Four PCA clustering analyses (i.e., separate analyses for PCGs, lncRNAs, circRNAs, and TEs) were performed to compare the contribution of different transcript groups to the disease pathogenesis. Based on PCA, the degree of variability was evaluated in gene expression among the samples. All four PCA analyses showed that healthy controls grouped into a compact homogenous sample cluster whereas expression in patient samples was more heterogeneous and future response status cannot be predicted based on any type of genome-wide transcriptomic data. Interestingly, patients were most clearly differentiated from healthy controls based on the levels of PCGs and lncRNAs, yet information about circRNA or TE expression was not sufficient for stratification of patients and controls (Figure 1).

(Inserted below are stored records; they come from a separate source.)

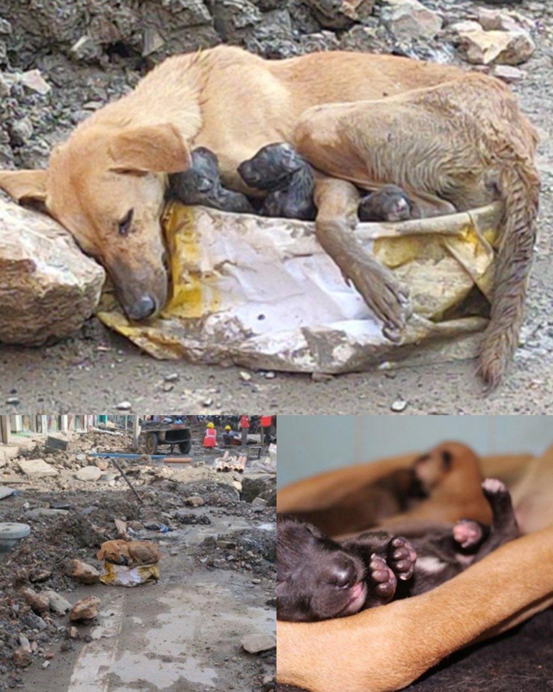 ToggleIn the middle of a dusty construction site in India—where the air trembled with the clang of steel and the grind of machinery—a silent battle for survival was unfolding. Beneath piles of broken concrete and scattered debris, a stray mother dog lay curled around her newborn puppies, shielding them from a world that had never been kind to her.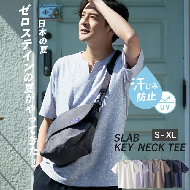 汗目立たない ゼロステイン ZERO STAIN 汗染み防止 Tシャツ スラブ キーネック メンズ レディース 男女兼用 トップス 半袖 無地 おしゃれ 吸水速乾 人気 tシャツ ポケT 機能 快適 インナー 肌着としても 撥水加工 UVカット 防汚加工 紫外線防止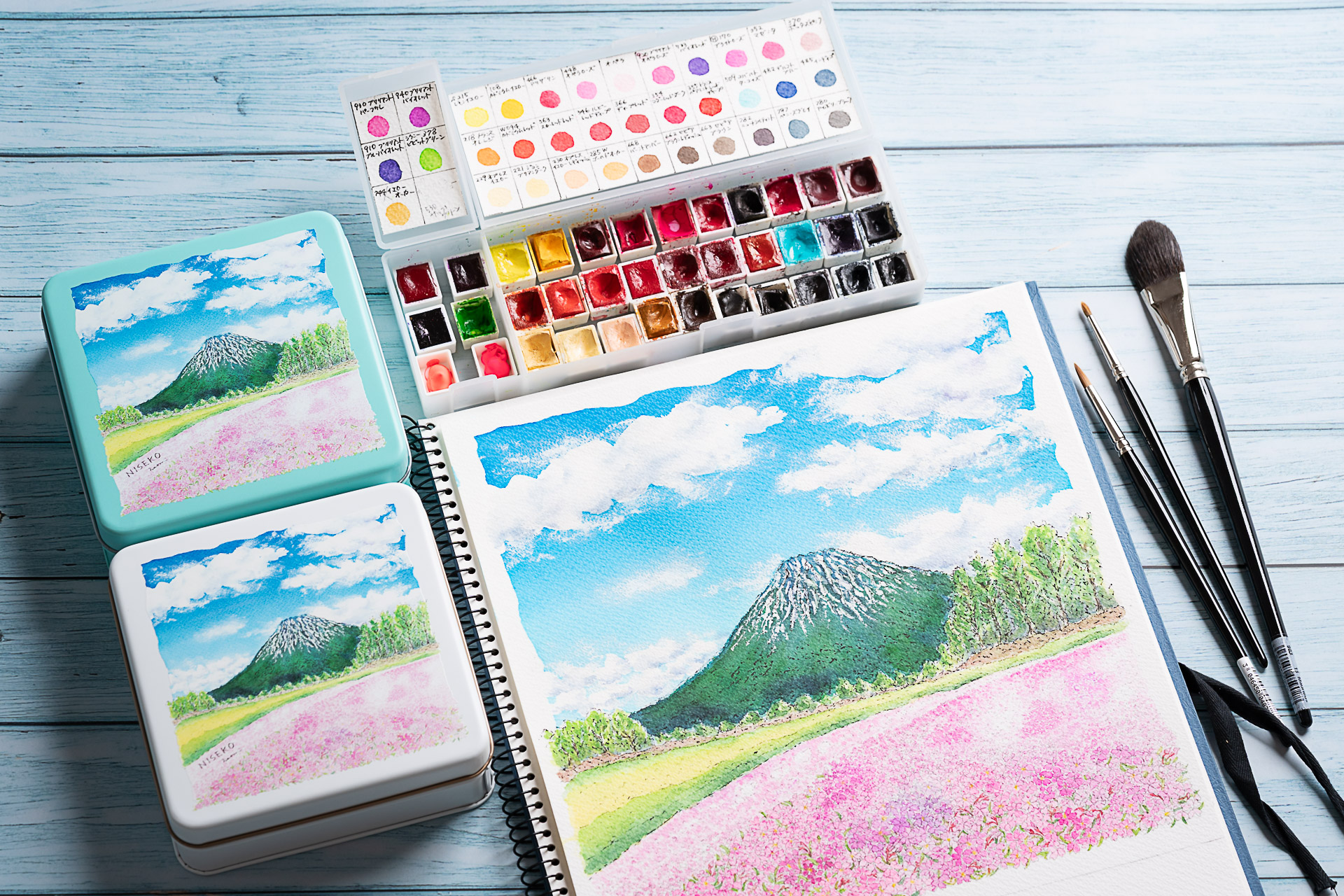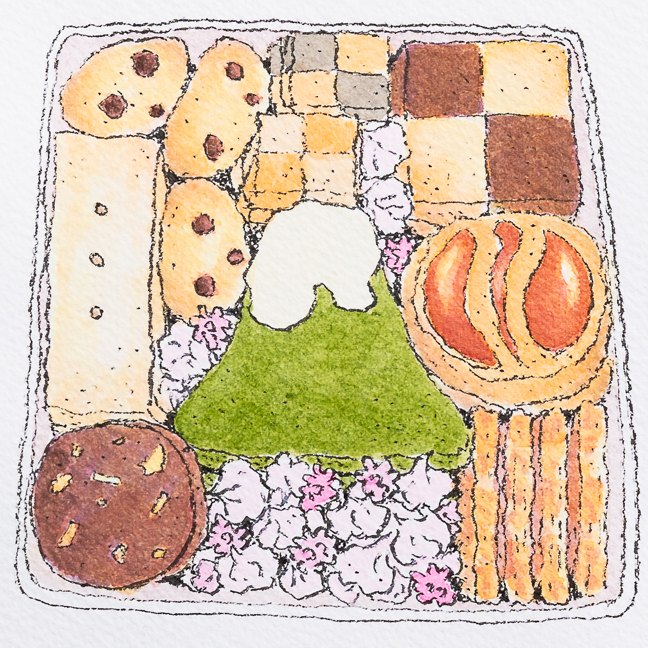 缶の蓋を開けたとき、目に飛び込んでくるのはまるで絵画のような美しいクッキーたち。羊蹄山(抹茶)と芝桜(いちごメレンゲ)をかたどったクッキーを中心に、様々な形と色合いのクッキーが並びます。これは「手に取ったときのワクワク感を継続できるように」というパティシエの思いから生まれたものです。

Principal component analysis (PCA). Clustering of samples was performed separately with four different types of RNA-seq output data. PCGs: Protein coding genes, lncRNAs: long noncoding RNAs, circRNAs: circular RNAs; TEs: transposable elements; green – healthy controls; red – responders, yellow – patients with stable disease without hematological improvement, blue – patients with progressive disease.
In the next step, DEA was performed between samples obtained from patients and those from normal individuals. All patient samples were included in these analyses, irrespective of their future AZA response status. Table II summarizes the most deregulated transcripts of each RNA category in MDS/AML-MRC patients compared to healthy controls.

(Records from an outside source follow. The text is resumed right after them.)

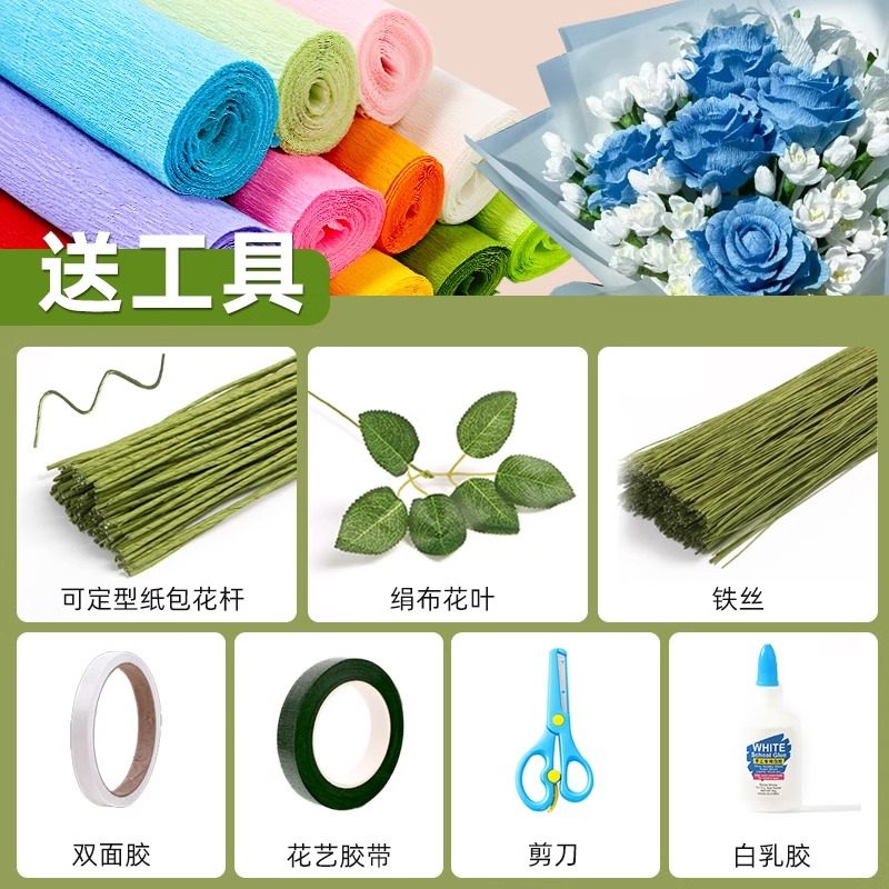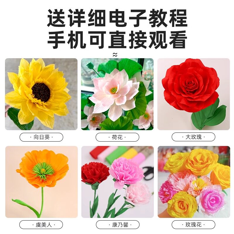 彩色手工皱纹纸褶皱纸立体花手工花材料小学生加厚皱纸折花玫瑰花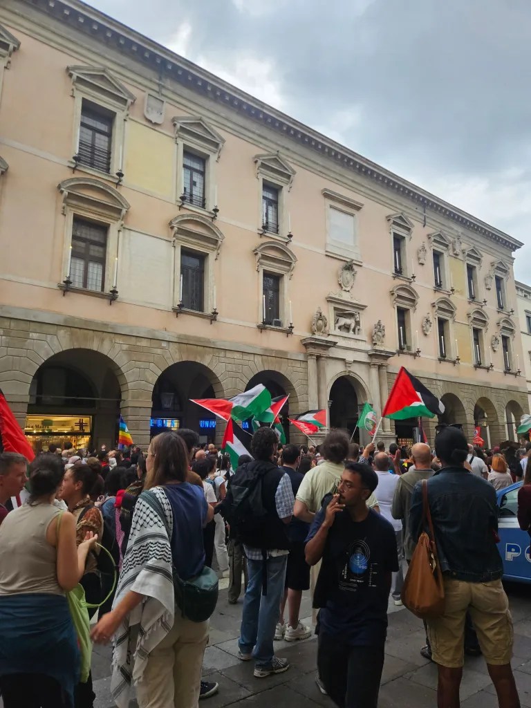 Sur l’une d’entre elles, on comprend pourquoi les italiens étaient en grève aujourd’hui. Ils manifestent contre le refus du gouvernement d’extrême-droite de reconnaître l’état de Palestine en même temps que les autres pays européens. L’université de Padoue a donc organisé un grand rassemblement. Voyager permet de découvrir les différences fondamentales entre les pays et le maintien de l’ordre en fait aussi partie. Ici, les policiers italiens sont certes armés mais ils sont vêtus de manière normale, on croirait voir la police française des années 90. Cela n’a rien à voir avec les armures de footballeurs américains qu’arborent les CRS en manifestation.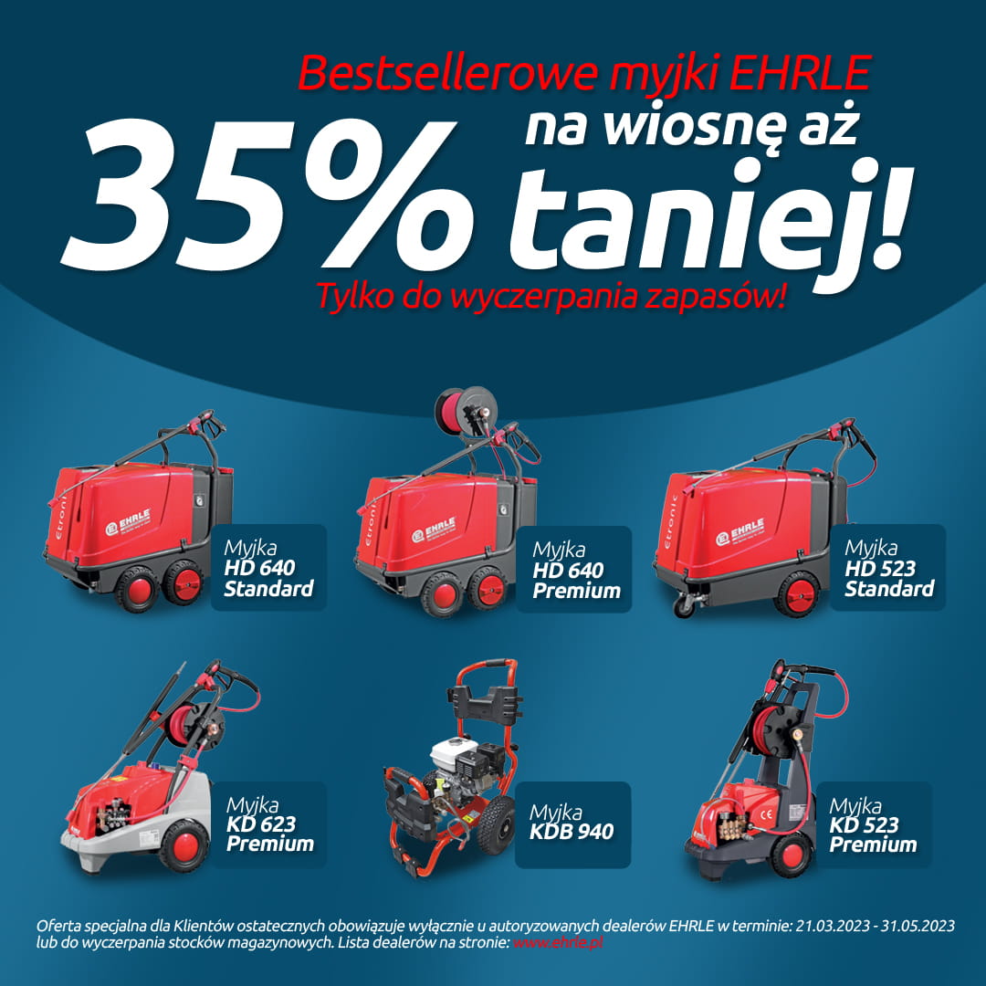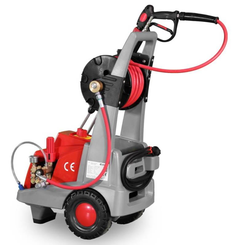 EHRLE KD 523 2x2 jest myjką wysokociśnieniową. Ma mocną pompę korbowodową połączoną z silnikiem 2800 RPM chłodzonym wyłącznie powietrzem.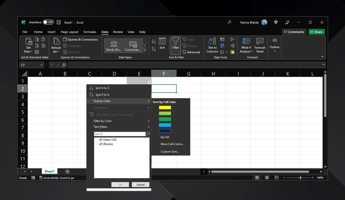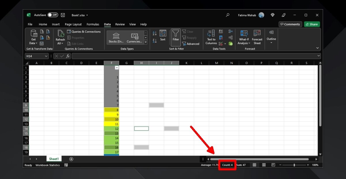 A colored cell in Excel doesn’t behave differently than cells with no fill color. That said, they do look different and if you’d like to count how many times a particular colored cell appears in a sheet, you’ll find there is no straight forward way to do it. You can use data filters to count colored cells in Excel.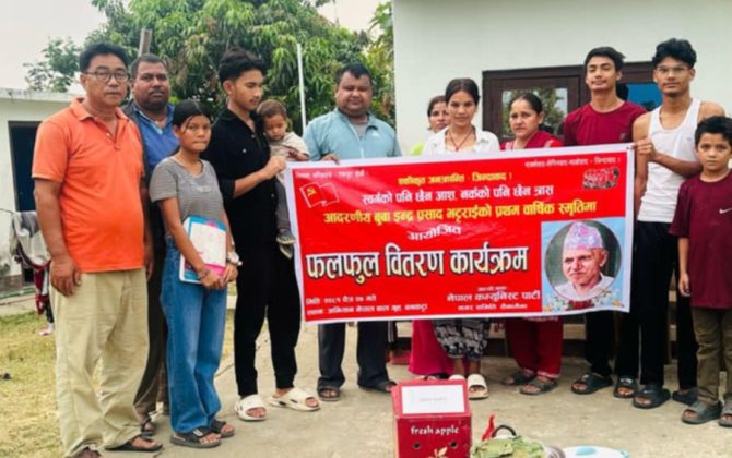 पुरा पढ्नुहोसविनोद खनाल, बुटवल नेकपाका केन्द्रीय सदस्य विश्वास सीका बुवा ईन्द्र प्रसाद भट्टराईको प्रथम बार्षिक स्मृति बालगृहमा फलफुल तथा खाद्यान्न बितरण गरी मनाईएकोछ । “स्वर्गको पनि छैन आश नर्कको पनि छैन त्राश” भन्दै परम्परागत रुपमा श्राद्ध गरी...

The top deregulated transcripts between patients with myelodysplastic syndromes/acute myeloid leukemia with myelodysplasia-related changes and healthy controls from each RNA category defined by differential expression analysis.

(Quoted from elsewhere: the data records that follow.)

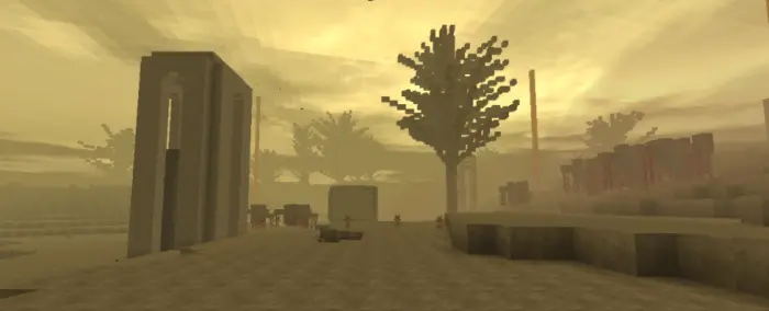 The addon tries to keep the difficulty “fair” with savepoints—little star-like checkpoints that activate keepInventory and respawn you back at that spot when you die. They show up around boss structures so you’re not rage-running back across a dimension every attempt. One big warning: the Deep-Dark dimension forces you into adventure mode until you kill its boss, an ancient warden, so you can’t just dig your way out of trouble. Dimension themes range from Ruined Wastes and Skylands to Evergoing Caverns, Templar’s Desert, Nuclear Lands, Algids (endless winter), the Deep-Dark, and the final realm SummerSet, where the three final bosses wait. Boss structures also “call out” with beacon hints and distance cues, but generation can be unstable, so it’s worth approaching carefully and not clipping in too early.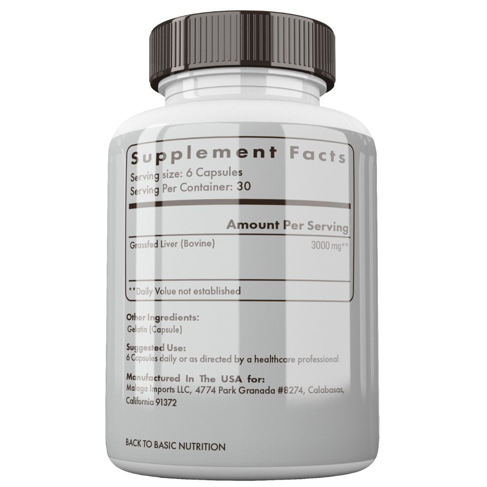 Grass Fed Desiccated Beef Liver Capsules (180 Pills, 600Mg Each) - Natural Iron, Vitamin A, B12 for Energy - Humanely Pasture Raised Undefatted in New Zealand and Argentina without Hormones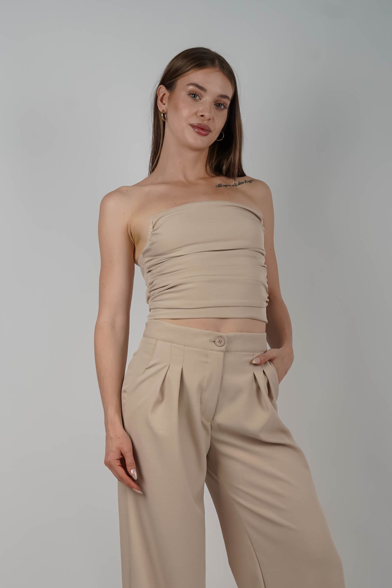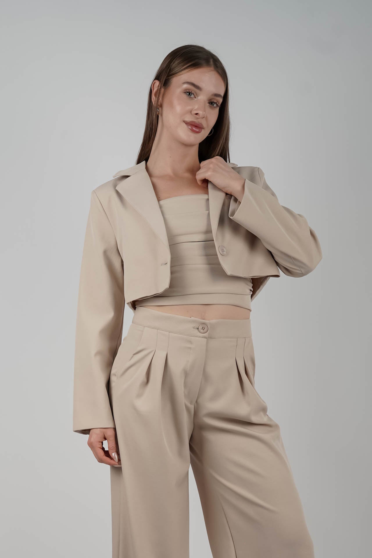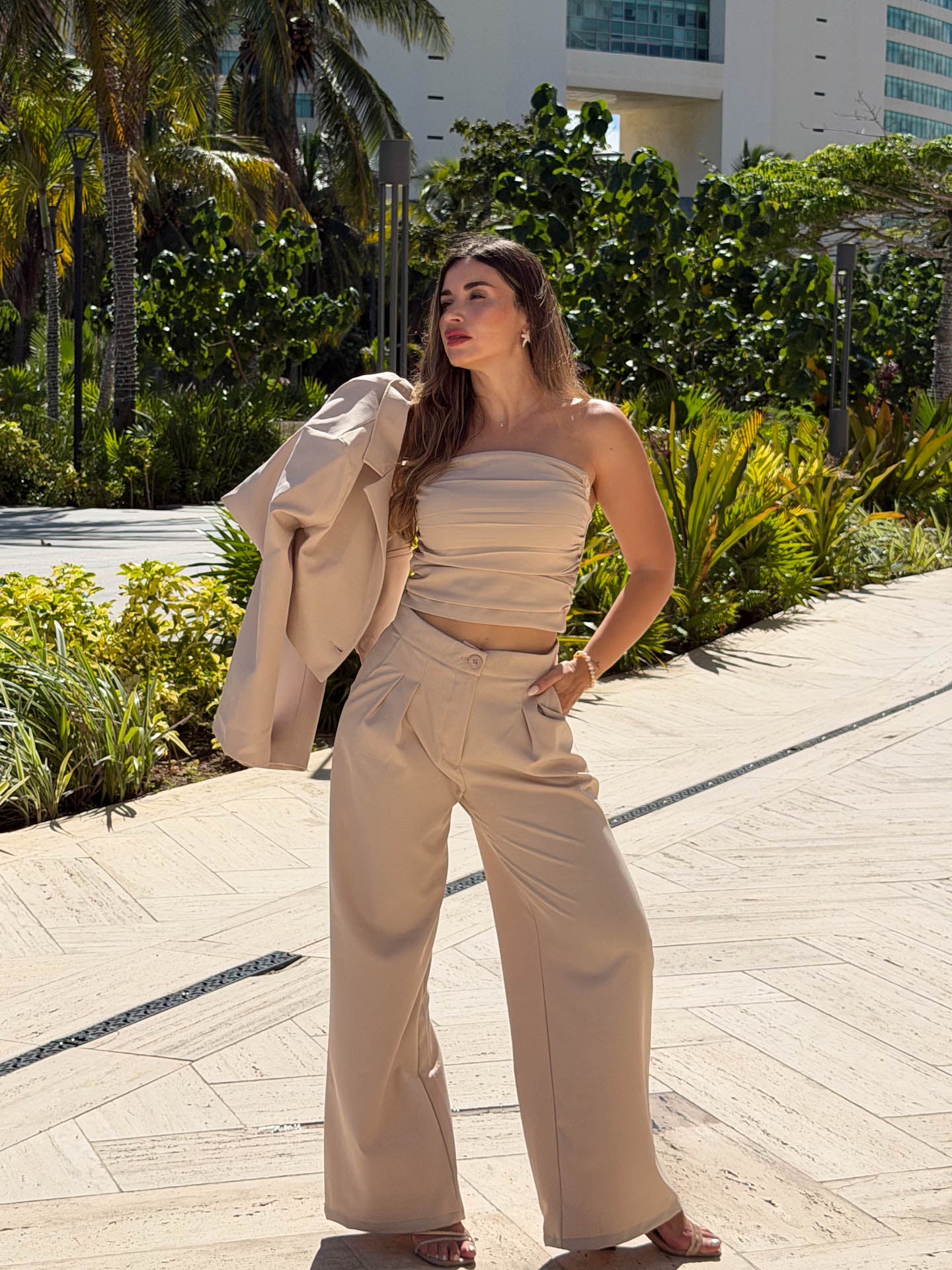 Pantalón de sastrería en tela Aruba, una fibra fresca, suave y con una caída ligera ideal para los días de verano. Su corte palazzo y las pinzas frontales aportan estructura al diseño, acompañado de bolsillos delanteros funcionales y un detalle de solapa trasera que eleva el acabado.

Regarding PCGs, DEA revealed 457 significantly deregulated transcripts (|logFC|>1, FDR <0.05). In patients, 331 PCGs were up-regulated (based on logFC, the 12 most up-regulated genes were COL4A5, DSC2, CASS4, SLITRK5, LGALSL, CD5L, TPSB2, LOXL4, HBA1, MFAP3L, HBA2, and CANCB4) and 126 PCGs were down-regulated (the 12 most down-regulated genes were ARPP21, PAX5, EBF1, AKAP12, POU2AF1, RAG1, MME, AREG, CD79A, NEIL1, CD24, and LEF1). These differences were comparable to those published in earlier gene expression profiling studies (34-37). For example, down-regulation of LEF1 significantly correlated with clinical outcome and might be promising for assessing prognosis in MDS (37). Importantly, the similarity of the PCG data presented in this study with the previous findings proved the validity of our RNA-seq outputs. GSEA further revealed that the PCG deregulation in the patients was predominantly associated with epigenetic regulation of gene expression (normalized enrichment score (NES)=2.02, p=0.002) and chromatin silencing (NES=1.97, p=0.002). Core enrichment genes for these two pathways included multiple histone proteins, especially those from the HIST1H and HIST2H families. Other significantly deregulated pathways included DNA ligation involved in DNA repair (NES=1.82; p<0.001; core enrichment genes: HMGB1/2, LIG1/3, PARP1/2, XRCC1, etc.) and regulation of alternative mRNA slicing via spliceosomes (NES=1.82; p=0.002; core enrichment genes: splicing factors such as SRSF2-4/6/9-10 and SF3A1, etc.). All these pathways were suppressed in patient samples compared to healthy controls, suggesting that transcriptional regulation and reparatory processes were disrupted at multiple levels in myelodysplasia. GSEA output is summarized in Figure 2. Because PCG profiling has repeatedly been performed in MDS and many signaling pathways associated with disease pathophysiology have been described (34-37), the expression of various classes of noncoding transcripts was a focus of this study.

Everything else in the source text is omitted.